Assignment:
In the material below, pictures must be dropped. Repeat exactly, and only, the lines from the line with "Informations Techniques : Dimensions" to the line with "月見蕎麦はよく見かけますが、玉子とじはめずらしいですよね。", both ends included.
+++++
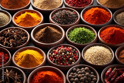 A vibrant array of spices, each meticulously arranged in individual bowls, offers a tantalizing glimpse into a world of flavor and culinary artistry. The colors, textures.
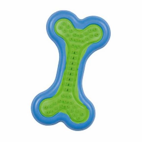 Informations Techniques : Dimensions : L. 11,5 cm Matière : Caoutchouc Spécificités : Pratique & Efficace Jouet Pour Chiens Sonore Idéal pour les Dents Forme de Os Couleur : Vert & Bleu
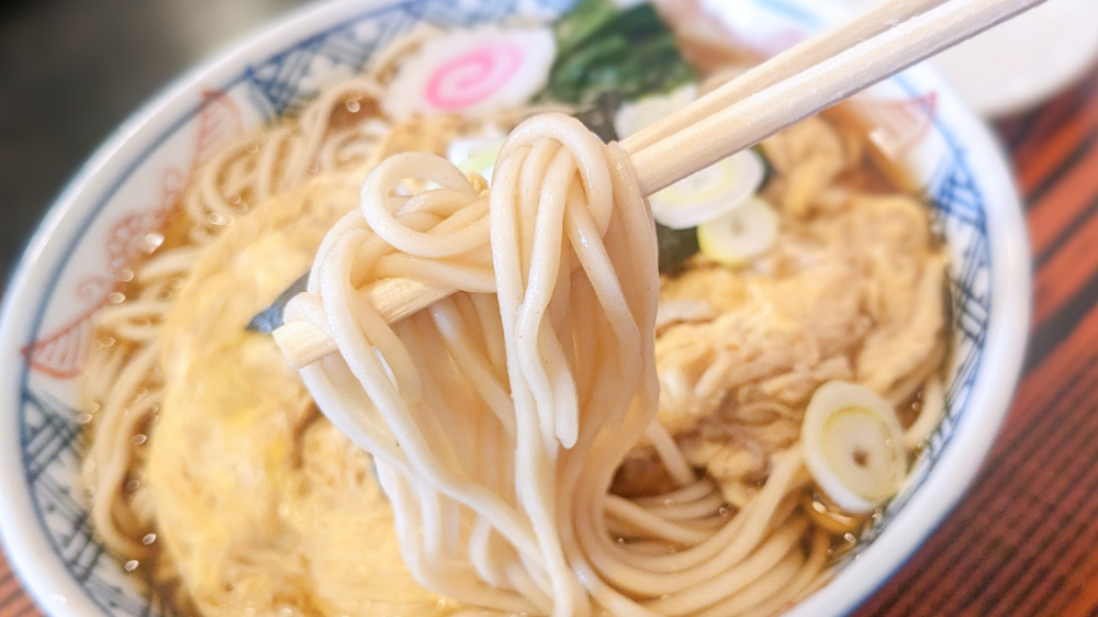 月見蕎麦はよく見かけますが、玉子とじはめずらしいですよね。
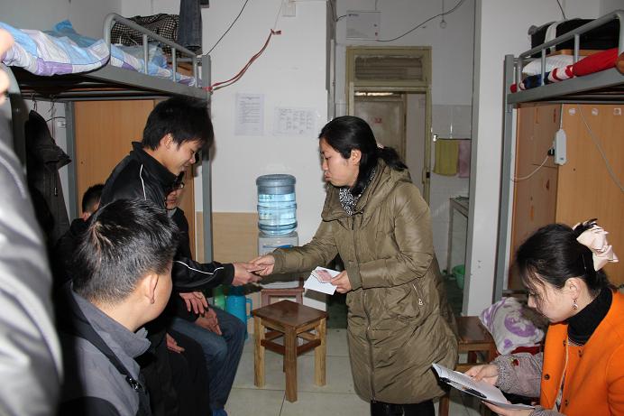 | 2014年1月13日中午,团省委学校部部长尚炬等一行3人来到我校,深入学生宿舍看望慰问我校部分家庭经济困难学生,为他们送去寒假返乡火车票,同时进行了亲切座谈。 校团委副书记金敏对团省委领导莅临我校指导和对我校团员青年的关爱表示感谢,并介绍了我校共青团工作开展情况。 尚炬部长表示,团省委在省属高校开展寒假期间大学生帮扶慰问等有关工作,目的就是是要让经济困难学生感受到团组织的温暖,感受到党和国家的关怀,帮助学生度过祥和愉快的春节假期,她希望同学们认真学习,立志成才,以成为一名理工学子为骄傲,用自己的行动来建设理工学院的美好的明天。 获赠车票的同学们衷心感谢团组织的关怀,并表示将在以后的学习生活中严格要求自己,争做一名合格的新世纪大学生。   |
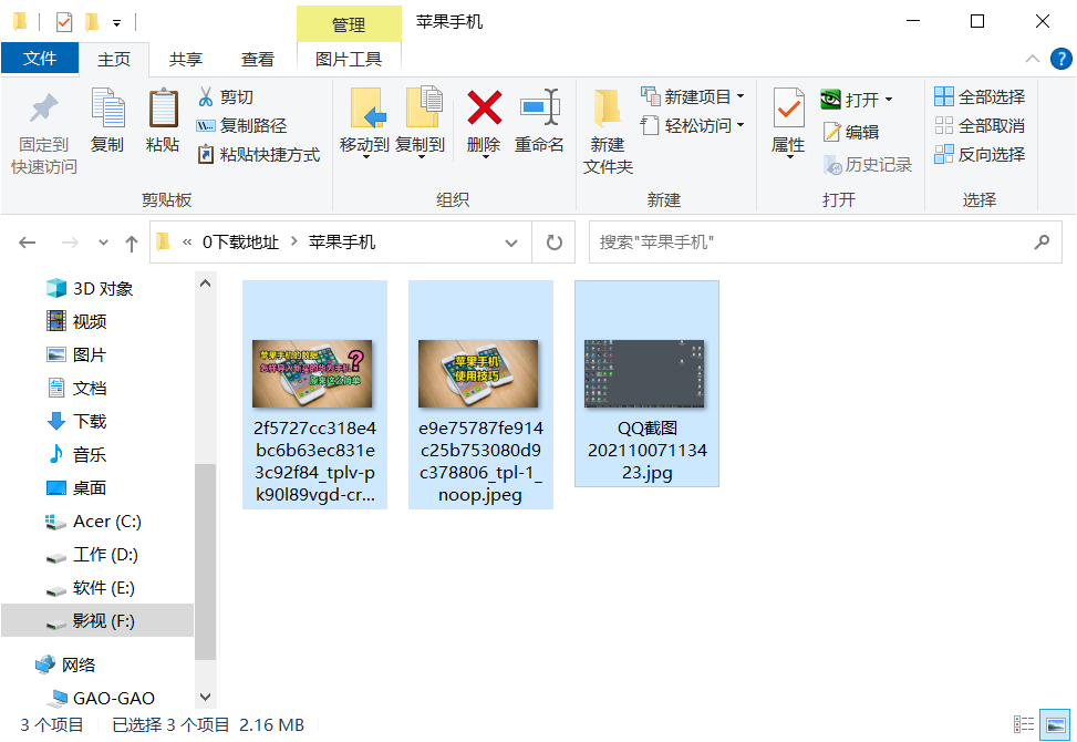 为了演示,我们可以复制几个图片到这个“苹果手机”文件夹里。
+++++
Your response:
 Informations Techniques : Dimensions : L. 11,5 cm Matière : Caoutchouc Spécificités : Pratique & Efficace Jouet Pour Chiens Sonore Idéal pour les Dents Forme de Os Couleur : Vert & Bleu
 月見蕎麦はよく見かけますが、玉子とじはめずらしいですよね。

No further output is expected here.